Tufts revised its policies this summer regarding sexual misconduct in an effort to preserve standards that would have been limited by new federal Title IX regulations. The revision of the Title IX Policy and Sexual Misconduct Policy follows federal requirements that all U.S. universities that receive government funding alter their policies concerning sexual misconduct.
The changes to the federal Title IX laws were released by the Office for Civil Rights (OCR) within the U.S. Department of Education in May, while most U.S. universities were operating remotely due to the COVID-19 pandemic.
Activists and administrators had been anticipating the changes since Secretary of Education Betsy Devos released a proposal for changes to Title IX in late 2018.The federal Title IX policy required universities to revise their policies by Aug. 14, 2020.
Notably, the federal policy limits universities’ ability to address misconduct that occurs off campus, outside the U.S. and involving non-university affiliates. It also narrows the definition of sexual harassment, requiring that incidents of harassment be “severe, pervasive, and objectively offensive.”

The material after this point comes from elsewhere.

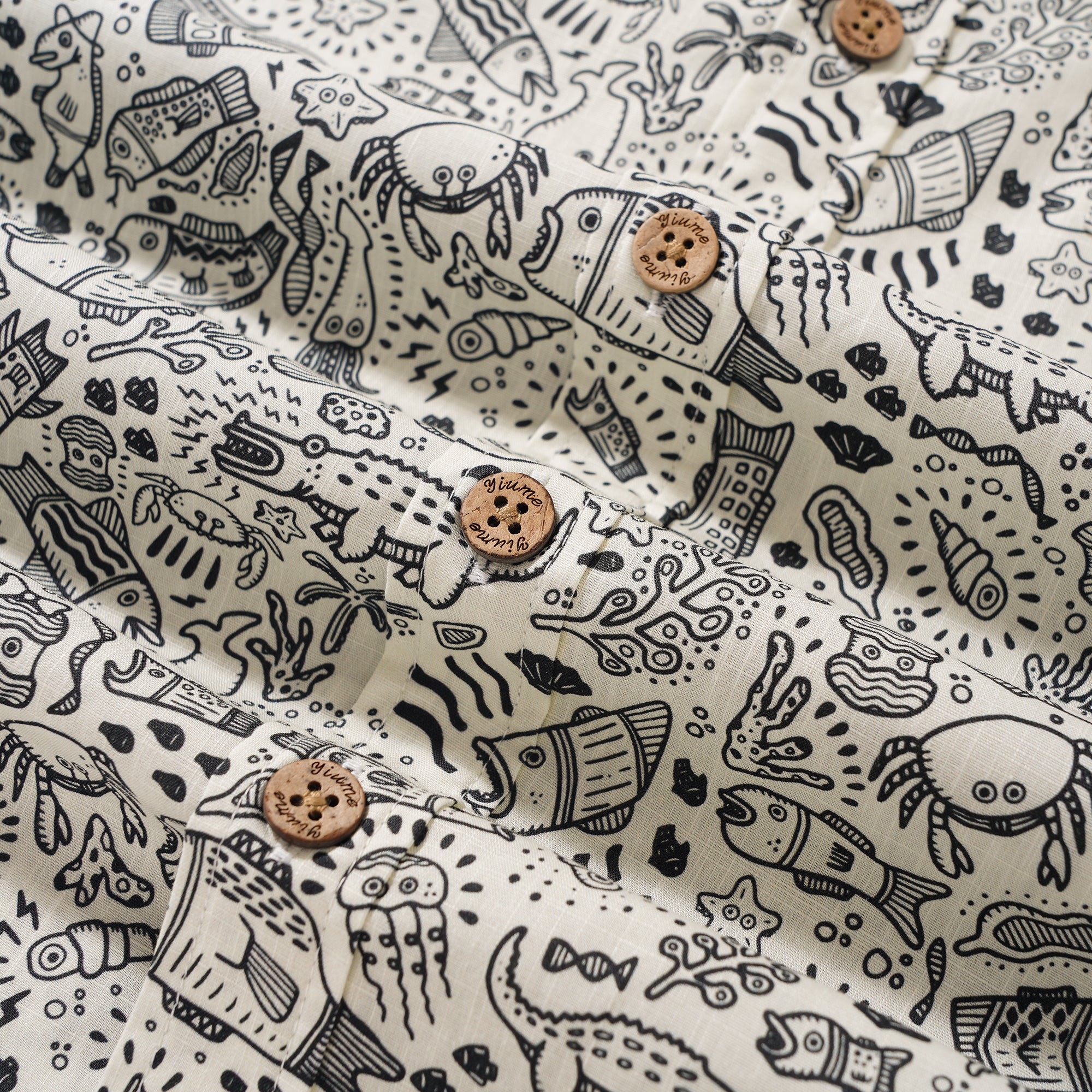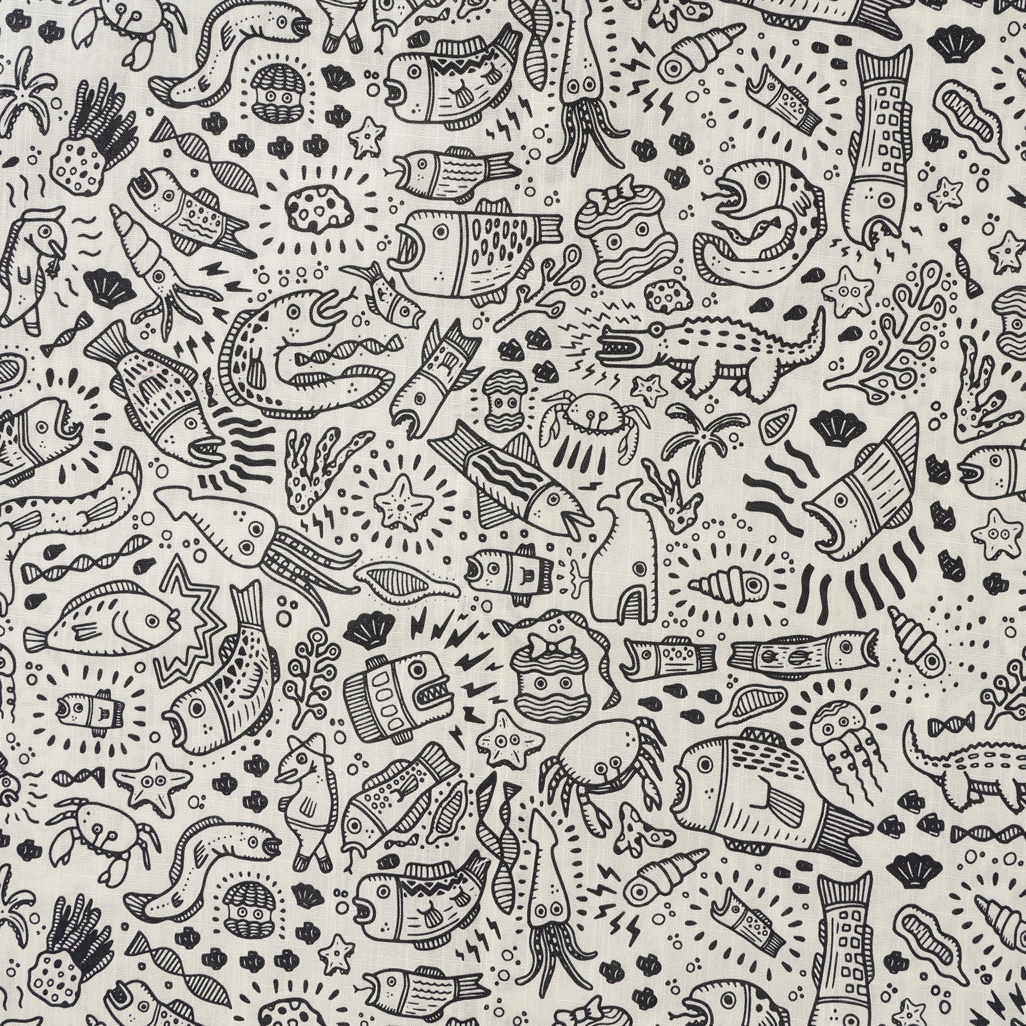 Embrace the whimsical world of the ocean with our hand-drawn pattern. Featuring a charming mix of underwater creatures like crabs, fish, and eels, this design captures the playfulness of the sea. Inspired by the artist's childhood in the Philippines, each doodle-like flourish adds a touch of animation to your look.

“When the new regulations came down, we've tried to see — what do we have that we can still keep? Where do they give us some wiggle room and we can still get closer to what we want versus what they're going to make us do? And what do we have no control over and we have to do?” Alexandra Donovan, the director of the Center for Awareness, Resources, and Education (CARE) at Tufts, said.
The revised Tufts Sexual Misconduct Policy retains many of the Title IX standards prior to Devos’ revisions, including protections regarding off-campus incidents and a broader definition of harassment.
“We wanted to keep those ‘house rules’ in order to retain jurisdiction over cases the new OCR regulations say we no longer have to investigate and to maintain the levels of conduct our communities expect,” Jill Zellmer, executive director of the Office of Equal Opportunity (OEO) and a Title IX coordinator, wrote in an email to the Daily.
One component of the new Title IX policy is the Sexual Misconduct Adjudication Process with Direct Cross-Examination (SMAP-X), a university regulation, which is applied for “formal complaints filed against Tufts University students, faculty, staff, third parties and other community members alleging any violation of the Title IX Policy.” SMAP-X requires both the complainant and the respondent to submit to a live and recorded cross-examination.
Marley Hillman, a campus activist, strongly criticized the use of cross-examination in situations involving sexual harassment and sexual violence, indicating that there is an unequal power dynamic between survivors and perpetrators of sexual misconduct. They indicated that the process requires survivors to submit to cross-examination by a friend or family member of their perpetrator, which can allow the respondent to withhold their testimony.
"I acknowledge that the university is required to implement the changes in the new law. I know that the Title IX rule drop includes requirements for live hearings and real-time cross-examination. I understand that Tufts had to create that SMAP-X in order to comply with that new law. It's still bad,” they said.
Hillman has worked with Know Your IX, a national organization dedicated to ending sexual violence in high schools and colleges. On its website, Know Your IX criticizes the cross-examination process and predicts it will “greatly increase the risk of re-traumatization” for survivors.
Complaints that allege a violation of the Sexual Misconduct Policy but do not meet the requirements for the Title IX policy will be addressed through the OEO’s Sexual Misconduct Adjudication Process, which does not require cross-examination.
When the new federal Title IX regulations were released in May, students circulated a petition created by senior Nina Benites asking that University President Anthony Monaco respond to and condemn the OCR’s new regulations. The petition specifically pointed to “the narrowed definition of sexual harassment, diminished scope of Title IX’s reach ... the implementation of live hearings, and the increased standard of proof” as issues with the new policy.
Monaco sent an email to the Tufts community the next day, saying that university administrators were “deeply disappointed and concerned” by the Title IX changes under DeVos: “The regulations create new definitions, processes, and procedures that could reverse years of progress.”
The email promised that the federal Title IX policies would be addressed and discussed by the university's Sexual Misconduct Steering Committee, a group of administrators, faculty, staff and students that was created in 2016, and that built on the work of a previously established task force. The committee meets to discuss both the formal and informal processes that Tufts has in place to prevent and address sexual misconduct in its community.
The university and OEO also have informal processes available to survivors of sexual misconduct, including housing and schedule changes, and support resources through OEO and the CARE office.
Donovan, who is a part of the CARE office, strongly criticized the federal Title IX changes, but said that the combination of the informal processes with the rewritten Tufts policies makes “the best of a bad decision.”
“There's not a lot of great options here,” Donovan said of DeVos’ policies. “So we were making the best of what we were given."